It’s not unusual for long-haul drivers to travel through all 48 lower states. It’s another thing when an OTR driver is described as a “world traveler.”
That was one of the descriptors for 2017 Owner-Operator of the Year finalist Phil Keith during the Truckload Carriers Association’s closing banquet at its recent annual meeting in Kissimmee, Florida. Minutes later he was announced as winner, and the recipient of the honor’s $25,000 cash prize, made possible by sponsors Cummins and Love’s Travel Stops.
Addressing a few hundred fleet executives, Keith cited the millions of accident-free miles driven by him and owner-operator award finalists Kevin Kocmich and Bryan Smith. “There’s only 24,000 miles around the equator,” he said. “So keeping that in mind, we’ve been in orbit for a long time.”
The global orbit for Keith has been a zigzag one, beginning long before he learned to drive a truck. He beats most truckers in the range of places he’s been as well as modes of transportation he routinely uses. He and his team-driver wife, Eva, enjoy sailing in the Gulf of Mexico, close to their home, and taking long motorcycle trips.

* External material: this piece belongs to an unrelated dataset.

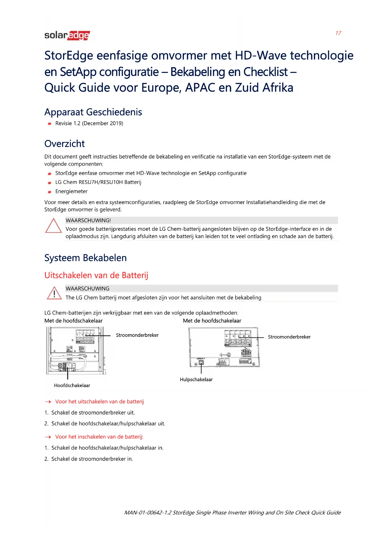 Support en Contactinformatie Als u technische vragen heeft over onze producten, neem dan contact met ons op: http://https://www.solaredge.com/service/support Zorg ervoor dat u de volgende informatie bij de hand hebt voordat u contact opneemt: Model en serienummer van het product in kwestie. De fout die wordt aangegeven op het LCD-scherm van het product of op het monitoringsplatform of door de LED's, indien er een dergelijke indicatie is. Informatie over de systeemconfiguratie, waaronder het type en aantal aangesloten modules en het aantal en de lengte van de strings. De communicatiemethode naar de server, indien de site is aangesloten. De softwareversie van het product zoals deze in het ID-statusscherm verschijnt.Historial de Versiones 21 MAN-01-00642-1.2 StorEdge Single Phase Inverter Wiring and On Site Check Quick Guide Inversor Monofásico StorEdge con Tecnología HD-Wave y Configuración SetApp – Guía Rápida de Cableado y Check List para Europa, APAC y Sudáfrica Historial de Versiones Versión 1.2 (Diciembre 2019) Contenidos Este documento proporciona las instrucciones para cableado y verificaciones después de la instalación de un sistema SolarEdge compuesto por los siguientes equipos: Inversor Monofásico StorEdge Single con Tecnología HD-Wave y Configuración SetApp Batería LG Chem RESU7H/RESU10H Meter Para más detalles e información sobre posibles configuraciones del sistema consultar el Manual de Instalación del Inversor StorEdge suministrado con el equipo.

Keith, who turns 60 this month, was born in France. He later lived in Spain, then moved to the United States. He grew up mostly in Freeport, Illinois, though his family relocated frequently. Much later, he returned to Europe for a long vacation, but his biggest international road trip came via service with the U.S. Marines from 1975 to 1983. That included a four-year stint in the Philippines, but he also was stationed in Hawaii, Taiwan, South Korea, Australia, New Zealand and Okinawa.
Keith offers these tips for success as an owner-operator:
If you want to make more money, have fewer expenses, change your oil on time, and get better fuel mileage. “Get air in your tires,” he says. “Keep your truck greased.” He says he’s “constantly looking for something that’s breaking.”
Maintain a strong escrow account. “You’ve got to be prepared for a month’s downtime at least,” he says. “You better have at least $10,000 in the bank.”
“I don’t count miles, I count dollars,” says Keith, who’s always worked on a percentage of revenue. “Giving up a percentage to WEL for their logistics support is so important.” He enjoys not having to worry about competing with bigger fleets, chasing down unpaid invoices or getting discounts on tires and fuel.
Let four-wheelers have their way if they’re being aggressive. “I’m not going to fight you. I tell younger drivers you have to avoid situations where you have to use your brakes to get out of it.”